Task statement —
Exactly as written, write out the lines below from the first to the one containing "O jornal AS", inclusive. Pictures do not belong in the copy.

[Saved data entries]
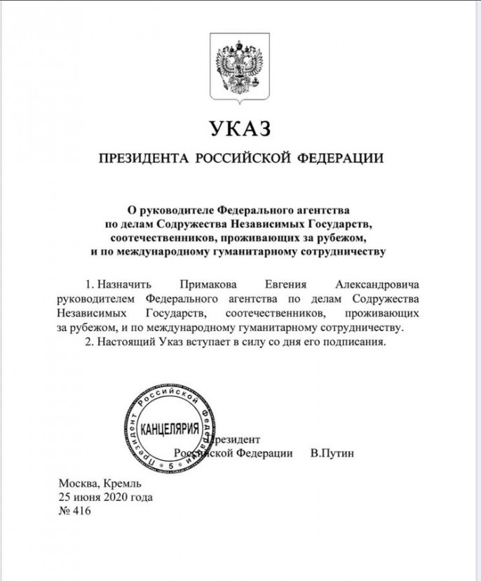 Владимир Путин подписал указ о назначении 44-летнего депутата, тележурналиста, общественного деятеля Евгения Примакова руководителем Россотрудничества (Федерального агентства по делам СНГ, соотечественников, проживающих за рубежом, и по международному гуманитарному сотрудничеству), подведомственного Министерству иностранных дел РФ и представленного в 80 странах мира.
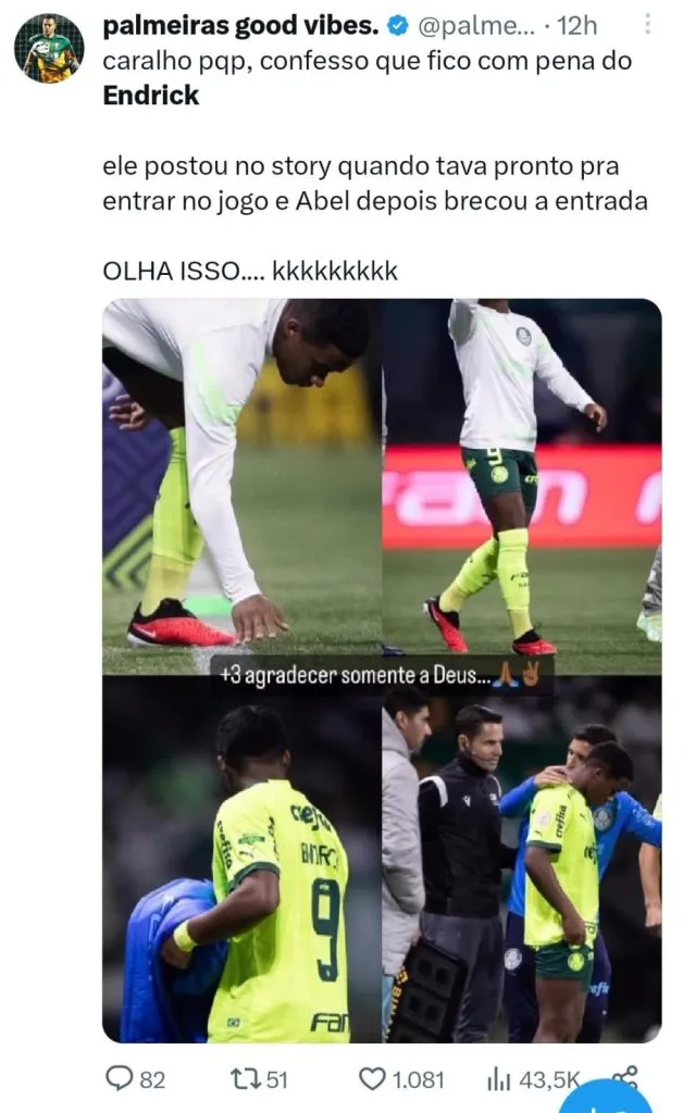 O jornal AS mostrou preocupação com a falta de continuidade de Endrick e ainda pontuou que o atacante não foi bem quando acionado por Abel e que momento de destaque acabou sendo sua expulsão no duelo contra o Atlético-MG, quando ao menos saiu do banco. “A falta de continuidade do garoto começa a ser preocupante. Ele participou de apenas dois dos últimos nove jogos de seu time, e só em um deles foi titular”, complementou.
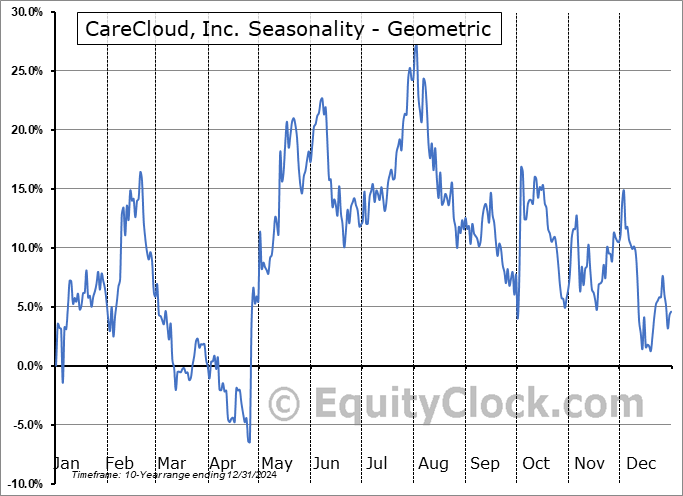 Analysis of the CareCloud, Inc. (NASD:CCLD) seasonal charts above shows that a Buy Date of April 20 and a Sell Date of August 1 has resulted in a geometric average return of 24.31% above the benchmark rate of the S&P 500 Total Return Index over the past 10 years. This seasonal timeframe has shown positive results compared to the benchmark in 8 of those periods. This is a very good rate of success and the return strongly outperforms the relative buy-and-hold performance of the stock over the past 10 years by an average of 33.22% per year.
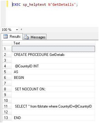 Modify the preceding SQL Syntax with appropriate database name and stored procedure name and execute the SQL Syntax.
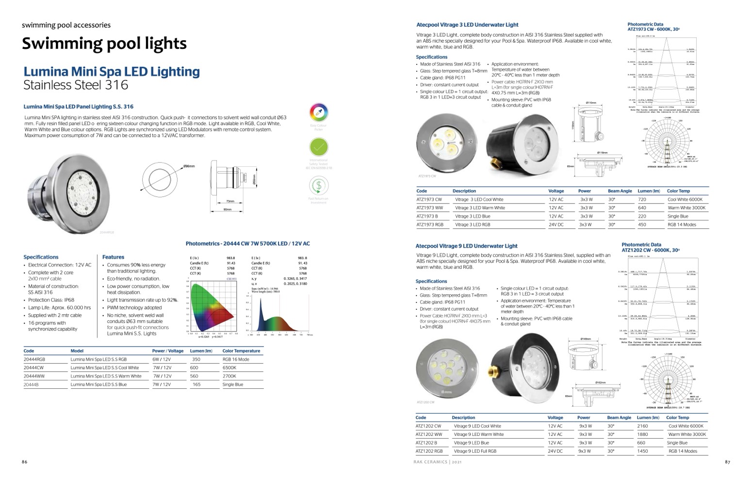 an ABS niche specially designed for your Pool & Spa. Waterproof IP68. Available in cool white,
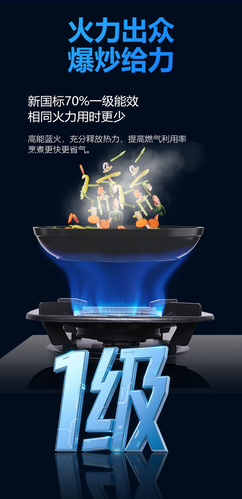 - 三噴引射,立體進(jìn)氣,5.2kW大火力盡享爆炒
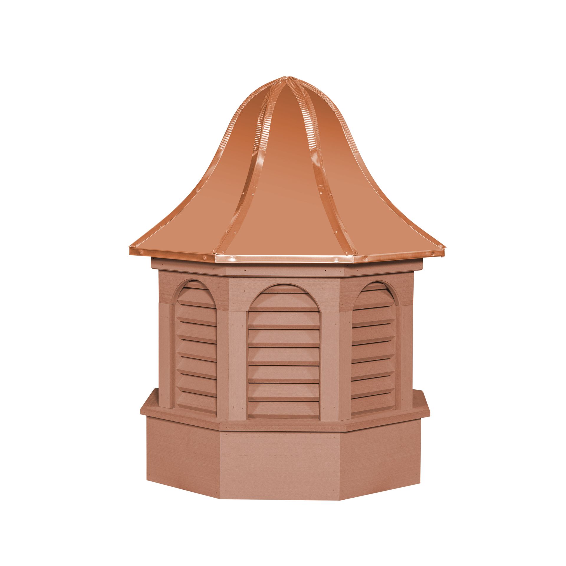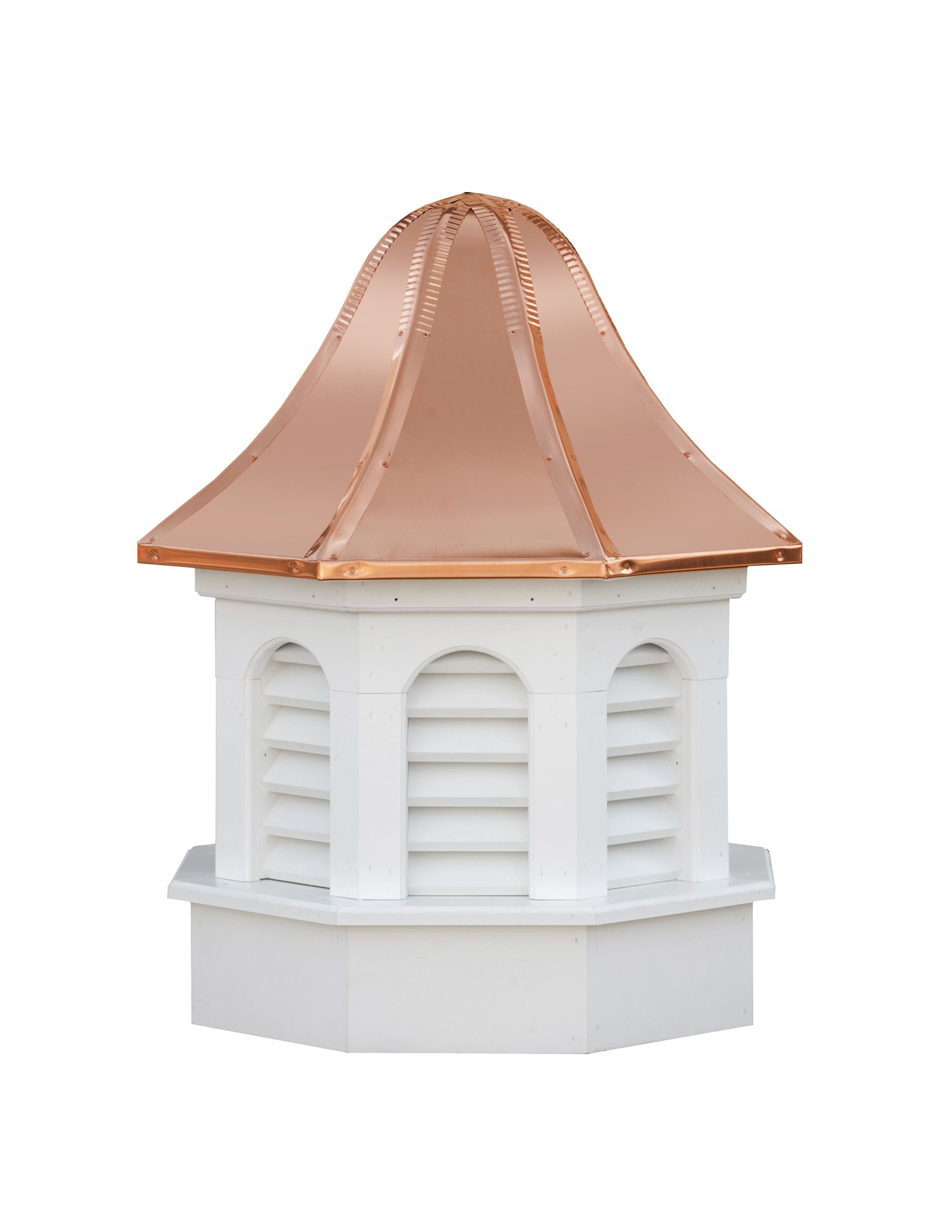 The Pinnacle-gazebo cupola of our Estate Gazebo Series will make a great addition to your gazebo or octagon structure. With arch louvers, The Pinnacle-gazebo cupola is a shorter version of the Estate Series & is manufactured of a solid Vinyl-PVC trimboard, or the NEW Cedar-PVC material & capped with a copper or metal roof. - Made from a rot free cellular-PVC trim, or Cedar-PVC trim & stainless steel fasteners that will stand the test of time. - Weathervane Mount standard. - Cupolas are engineered to withstand up to 120MPH winds. - Cupola size is determined from the width of the base. - Manufactured in USA by Royal Crowne.
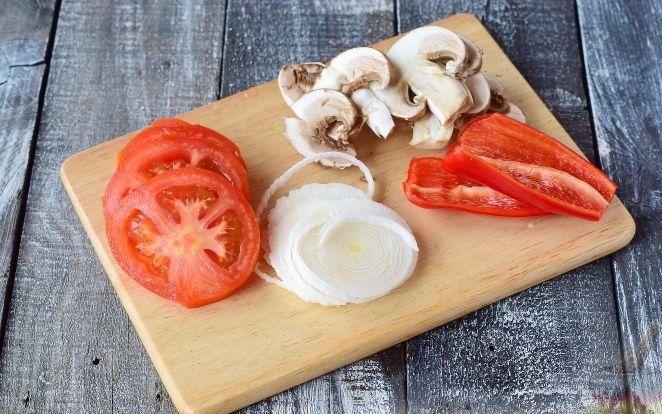- Приступаем к подготовке овощей: лук порезать кольцами, шампиньоны и помидоры нарезать пластинками, толщиной примерно 5 мм. Болгарский перец сначала разрезать пополам, потом вдоль, чтобы получились сравнительно широкие полоски.
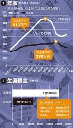 5000万人余りの全雇用者のうち、3000万人余りが正社員、残り2000万人弱が非正規で、正社員が減り非正規が増える構図は今後も変わりそうもない。肝いりのアベノミクスでも、その傾向に歯止めをかけるのは簡単ではない。

Response to this exercise —
 Владимир Путин подписал указ о назначении 44-летнего депутата, тележурналиста, общественного деятеля Евгения Примакова руководителем Россотрудничества (Федерального агентства по делам СНГ, соотечественников, проживающих за рубежом, и по международному гуманитарному сотрудничеству), подведомственного Министерству иностранных дел РФ и представленного в 80 странах мира.
 O jornal AS mostrou preocupação com a falta de continuidade de Endrick e ainda pontuou que o atacante não foi bem quando acionado por Abel e que momento de destaque acabou sendo sua expulsão no duelo contra o Atlético-MG, quando ao menos saiu do banco. “A falta de continuidade do garoto começa a ser preocupante. Ele participou de apenas dois dos últimos nove jogos de seu time, e só em um deles foi titular”, complementou.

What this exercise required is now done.